(Exercise materials begins)
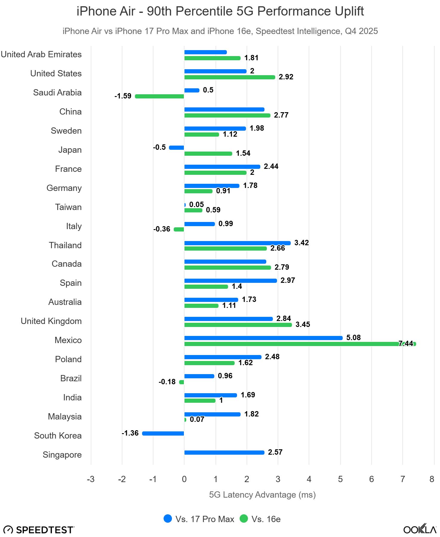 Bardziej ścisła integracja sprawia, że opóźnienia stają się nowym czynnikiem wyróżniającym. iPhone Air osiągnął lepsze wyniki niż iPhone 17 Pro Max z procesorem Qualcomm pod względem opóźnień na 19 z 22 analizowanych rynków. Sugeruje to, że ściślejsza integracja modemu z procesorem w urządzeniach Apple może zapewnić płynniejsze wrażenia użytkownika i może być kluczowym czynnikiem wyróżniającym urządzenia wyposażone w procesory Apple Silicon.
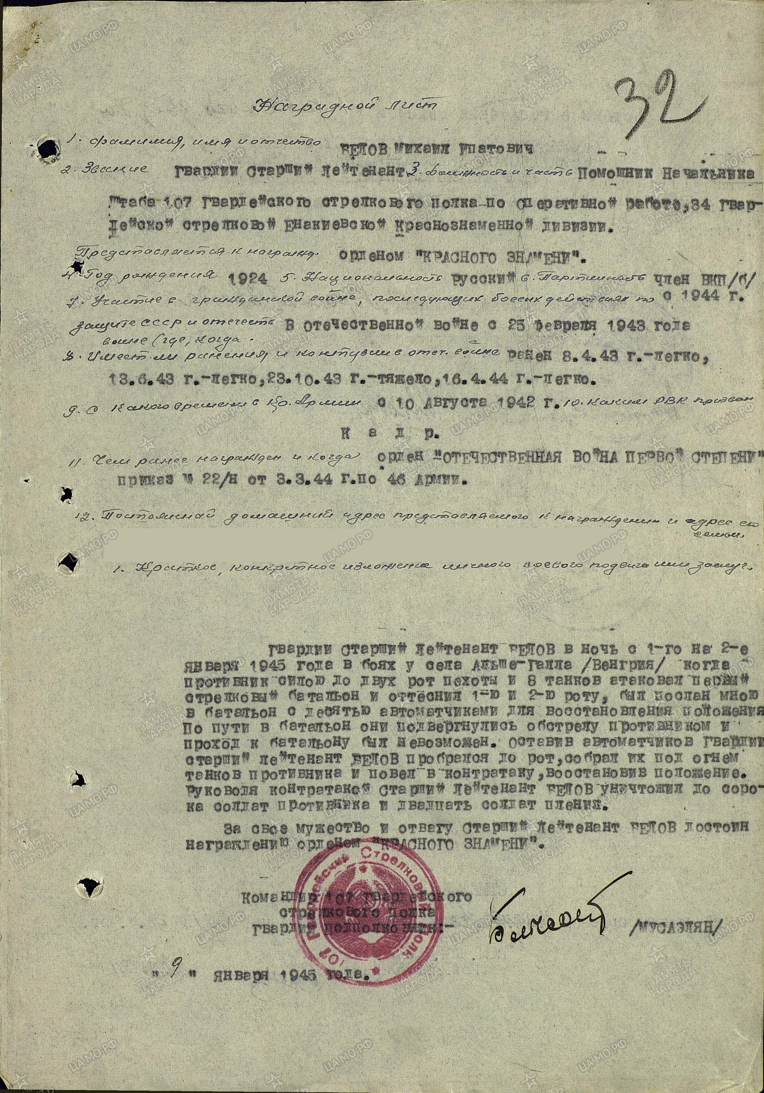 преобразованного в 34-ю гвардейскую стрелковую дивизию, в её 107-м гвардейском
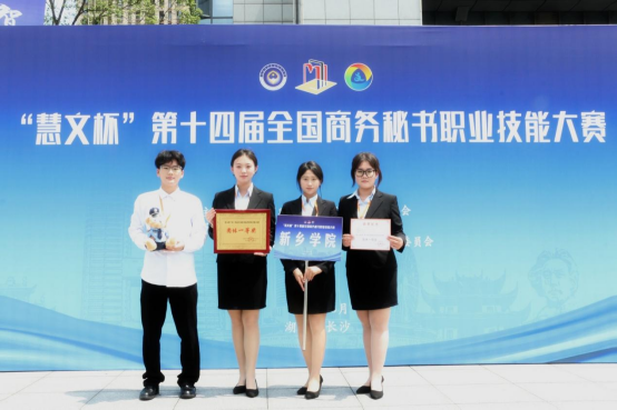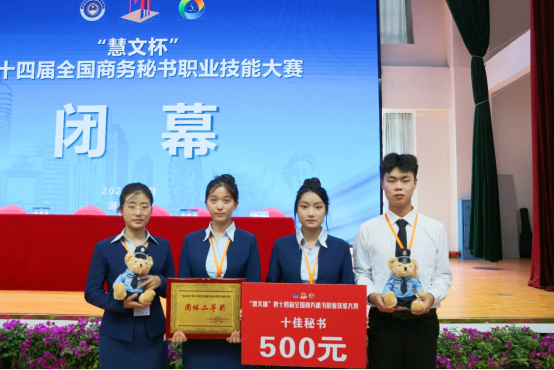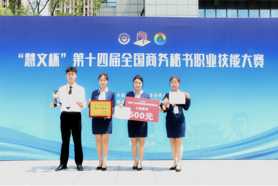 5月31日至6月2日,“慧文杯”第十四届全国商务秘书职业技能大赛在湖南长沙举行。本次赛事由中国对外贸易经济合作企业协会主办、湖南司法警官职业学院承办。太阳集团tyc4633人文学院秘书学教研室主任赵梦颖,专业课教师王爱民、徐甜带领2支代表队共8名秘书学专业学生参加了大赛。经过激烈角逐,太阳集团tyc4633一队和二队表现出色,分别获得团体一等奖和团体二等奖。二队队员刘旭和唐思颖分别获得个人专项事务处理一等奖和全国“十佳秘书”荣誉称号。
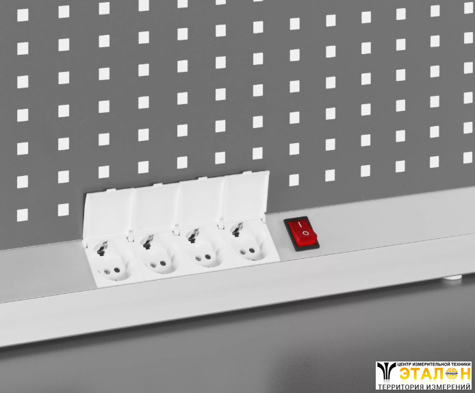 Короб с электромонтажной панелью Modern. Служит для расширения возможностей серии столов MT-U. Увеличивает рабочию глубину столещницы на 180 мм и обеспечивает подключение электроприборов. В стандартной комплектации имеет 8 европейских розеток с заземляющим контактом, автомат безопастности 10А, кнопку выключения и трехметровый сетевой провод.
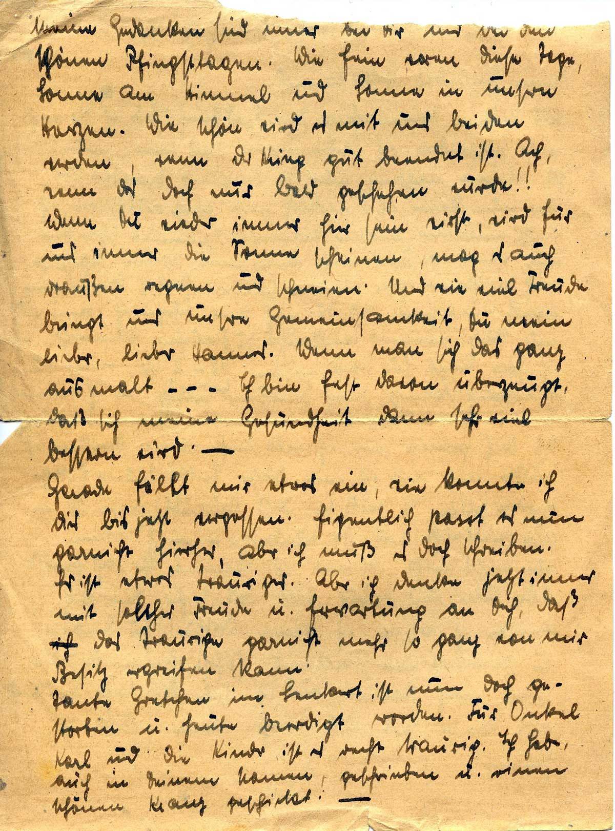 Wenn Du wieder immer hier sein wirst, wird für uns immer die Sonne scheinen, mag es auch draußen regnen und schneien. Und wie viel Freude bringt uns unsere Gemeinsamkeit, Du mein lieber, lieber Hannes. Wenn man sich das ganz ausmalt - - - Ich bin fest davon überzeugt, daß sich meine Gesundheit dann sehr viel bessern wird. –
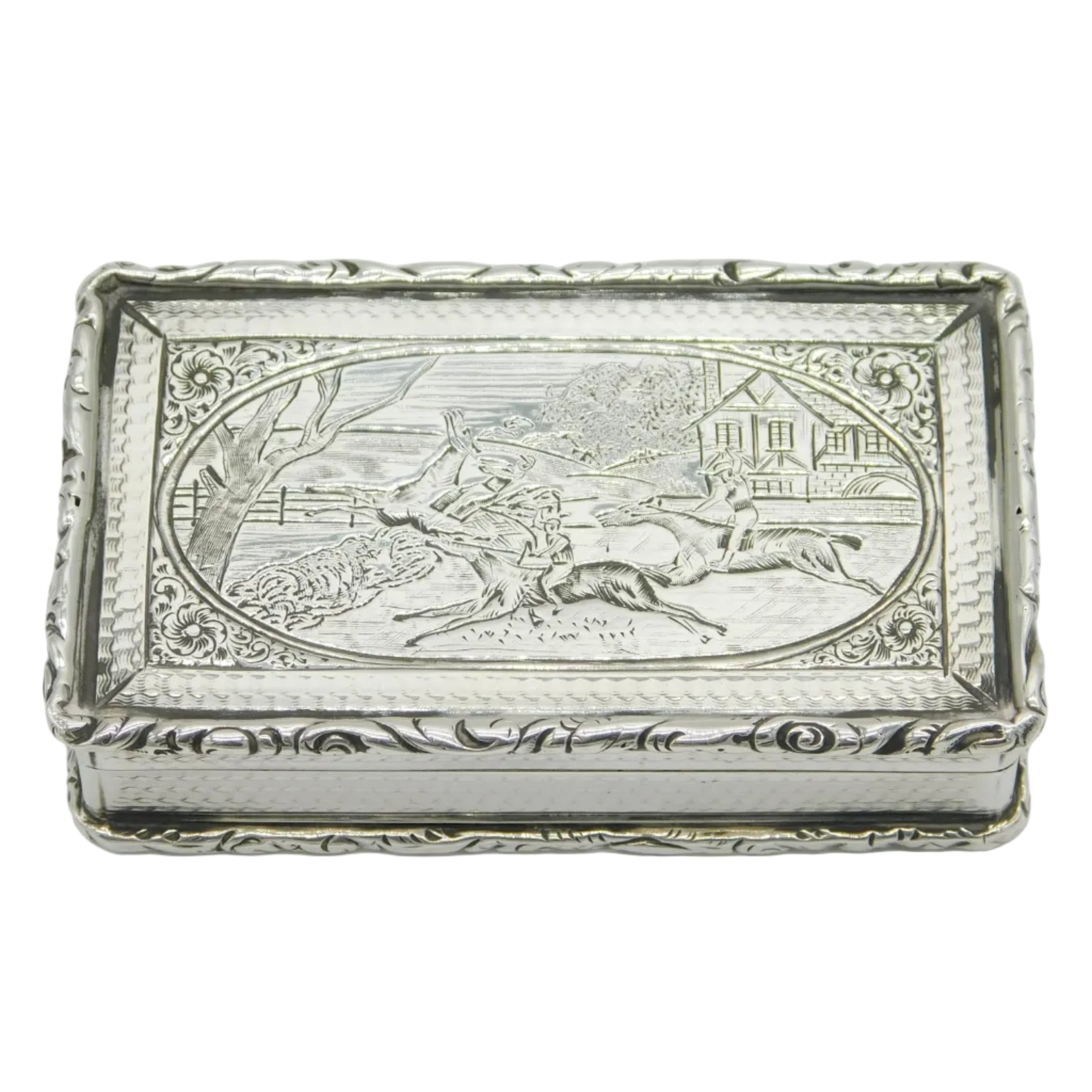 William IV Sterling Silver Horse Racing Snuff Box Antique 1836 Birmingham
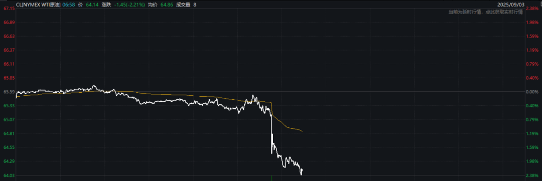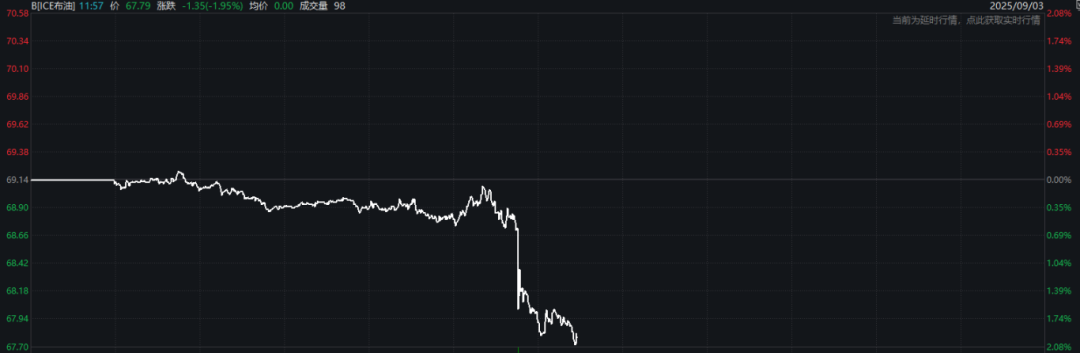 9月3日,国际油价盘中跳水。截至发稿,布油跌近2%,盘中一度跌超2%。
(Exercise materials ends)
## Required action
Nothing but the lines from the line containing "Wenn Du wieder" through the end of the data, both ends included, is to be reproduced, exactly as written and without the pictures.

## Solution to this exercise
 Wenn Du wieder immer hier sein wirst, wird für uns immer die Sonne scheinen, mag es auch draußen regnen und schneien. Und wie viel Freude bringt uns unsere Gemeinsamkeit, Du mein lieber, lieber Hannes. Wenn man sich das ganz ausmalt - - - Ich bin fest davon überzeugt, daß sich meine Gesundheit dann sehr viel bessern wird. –
 William IV Sterling Silver Horse Racing Snuff Box Antique 1836 Birmingham
 9月3日,国际油价盘中跳水。截至发稿,布油跌近2%,盘中一度跌超2%。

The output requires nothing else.